The material below holds pictures, which are to be left out; copy exactly the lines from the one with "SHOOT N C 12″" through the one with "In winter the".

RECORDS SHOWN:
--*--

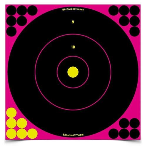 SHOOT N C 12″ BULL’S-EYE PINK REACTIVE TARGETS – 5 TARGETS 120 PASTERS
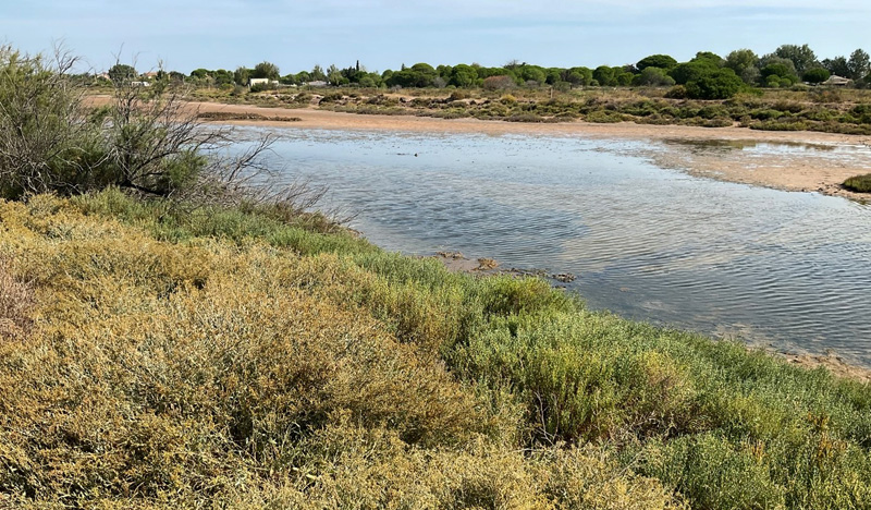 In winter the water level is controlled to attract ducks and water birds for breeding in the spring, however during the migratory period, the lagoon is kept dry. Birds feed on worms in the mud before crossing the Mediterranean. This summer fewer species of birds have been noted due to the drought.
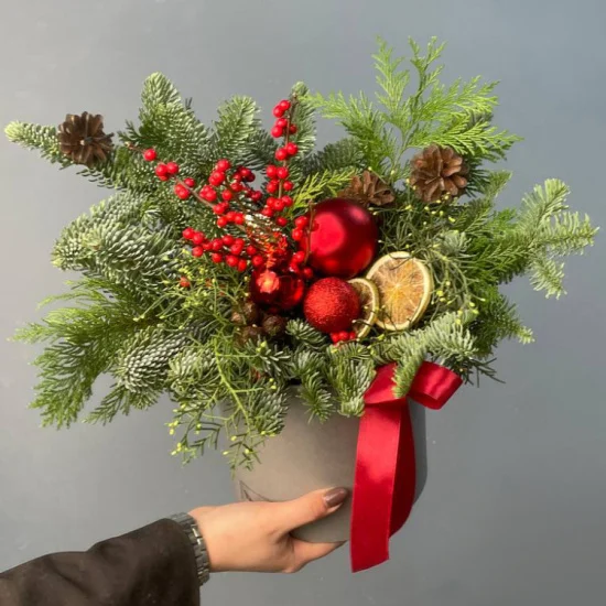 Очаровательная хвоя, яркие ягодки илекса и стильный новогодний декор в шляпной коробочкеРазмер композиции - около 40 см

--*--

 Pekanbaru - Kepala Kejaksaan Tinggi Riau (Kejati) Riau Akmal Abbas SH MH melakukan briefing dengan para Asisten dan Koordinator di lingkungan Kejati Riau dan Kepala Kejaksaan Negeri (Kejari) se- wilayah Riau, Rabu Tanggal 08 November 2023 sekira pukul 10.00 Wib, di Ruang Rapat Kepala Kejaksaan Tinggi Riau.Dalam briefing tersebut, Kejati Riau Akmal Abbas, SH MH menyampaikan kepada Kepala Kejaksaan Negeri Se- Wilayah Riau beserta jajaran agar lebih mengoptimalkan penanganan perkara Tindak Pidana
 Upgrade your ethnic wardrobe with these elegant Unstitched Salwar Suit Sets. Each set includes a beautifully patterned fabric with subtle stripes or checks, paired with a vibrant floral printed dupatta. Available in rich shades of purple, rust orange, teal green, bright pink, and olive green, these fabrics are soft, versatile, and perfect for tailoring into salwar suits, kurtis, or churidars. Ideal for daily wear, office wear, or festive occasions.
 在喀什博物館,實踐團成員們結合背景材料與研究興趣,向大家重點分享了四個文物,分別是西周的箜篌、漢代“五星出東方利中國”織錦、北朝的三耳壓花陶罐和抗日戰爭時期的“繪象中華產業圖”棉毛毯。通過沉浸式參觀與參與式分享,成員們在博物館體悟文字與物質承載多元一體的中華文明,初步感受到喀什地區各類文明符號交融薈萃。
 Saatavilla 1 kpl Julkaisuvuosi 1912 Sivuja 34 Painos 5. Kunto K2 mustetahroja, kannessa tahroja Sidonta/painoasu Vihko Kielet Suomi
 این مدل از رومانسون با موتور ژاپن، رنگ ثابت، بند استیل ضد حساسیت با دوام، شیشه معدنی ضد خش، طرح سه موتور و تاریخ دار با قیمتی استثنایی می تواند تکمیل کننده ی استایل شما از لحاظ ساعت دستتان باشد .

--*--

WRITTEN SOLUTION:
 SHOOT N C 12″ BULL’S-EYE PINK REACTIVE TARGETS – 5 TARGETS 120 PASTERS
 In winter the water level is controlled to attract ducks and water birds for breeding in the spring, however during the migratory period, the lagoon is kept dry. Birds feed on worms in the mud before crossing the Mediterranean. This summer fewer species of birds have been noted due to the drought.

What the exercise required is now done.